When I initially started this blog, it really was to discuss comic books.
I haven't done that in a while (in part because I only hit the store once a month or so, and thats just coming up next weekend).
I was thinking about tension.
And things that defeat tension.
Let me start out by saying i hate stories with time travel machines.
By their very nature, they defeat tension. They make every event near-irrelevant (since you can always go back and change how everything came out).
You can get around this, but it always feels like a poorly executed hack.

This same sort of thing happens in comics.
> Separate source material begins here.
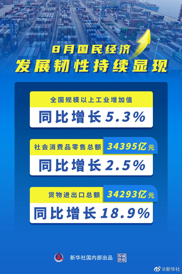 國家統(tǒng)計局15日發(fā)布的數(shù)據(jù)顯示,8月份,全國規(guī)模以上工業(yè)增加值同比增長5.3%,兩年平均增長5.4%;社會消費品零售總額34395億元,同比增長2.5%,兩年平均增長1.5%;貨物進出口總額34293億元,同比增長18.9%,國民經(jīng)濟發(fā)展韌性持續(xù)顯現(xiàn)。(記者魏玉坤、謝希瑤)

What are the chances that the Flash is going to die in any particular issue? Sure, Barry died in the most massive comic book epic ever (Crisis On Infinite Earths) but what about Flash issue 184? Did anything change there? No. NNot in 211 either.
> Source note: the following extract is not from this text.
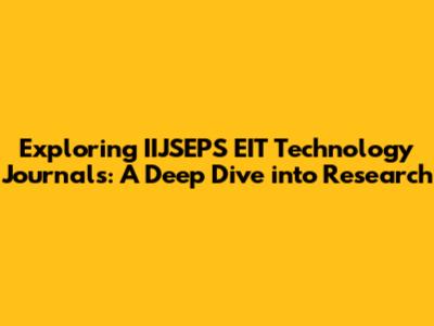 Unveiling the Significance of IIJSEPS EIT Technology Journals

My point is that given the nature of the beast, change isn't something that happens much in comics, and death even less so.
Push comes to shove, you need to get that title out every month. You need to acknowledge that you aren't going to be the last person to work on that title, either, so you can't really screw anything up for long. And lets not forget all the history.
Just imagine if someone decided that Superman wasn't from Krypton and, instead, was a plant-being created by the super-science of Atlantis.

This isn't to say we don't get changes, that there aren't repurcussions, just that they are few and far between. Superman became electric. For a bit. Spiderman wore black. For a bit. The Hulk was intelligent. For a...well, you get my point.
Hal Jordan, Jean Grey, Oliver Queen...all died. All came back.
As I understand the Marvel Universe, there are only two characters who don't come back. Uncle Ben and Bucky. I'm pretty sure Bucky came back, but its hard to tell. We can also add in Gwen Stacy. In DC, its pretty much Thomas and Martha Wayne, and probably Jor-El and Lara. Why? Because you can't have Spiderman, Batman, or Superman without these deaths. I don't know why Bucky is on the list (Captain America has zero angst). He just is.

With all that said, does this mean the medium is for crappy writers?
No.
It means the medium needs BETTER writers.
Watch Apollo 13.
Great movie.
Lots of tension.
And yet you know...and I mean you know from HISTORY, not from 'oh, the hero always lives'...that it all ends up OK.
And yet...
Good writers create tension, drama, conflict, uncertainty where, by all reasonable views, there should be none.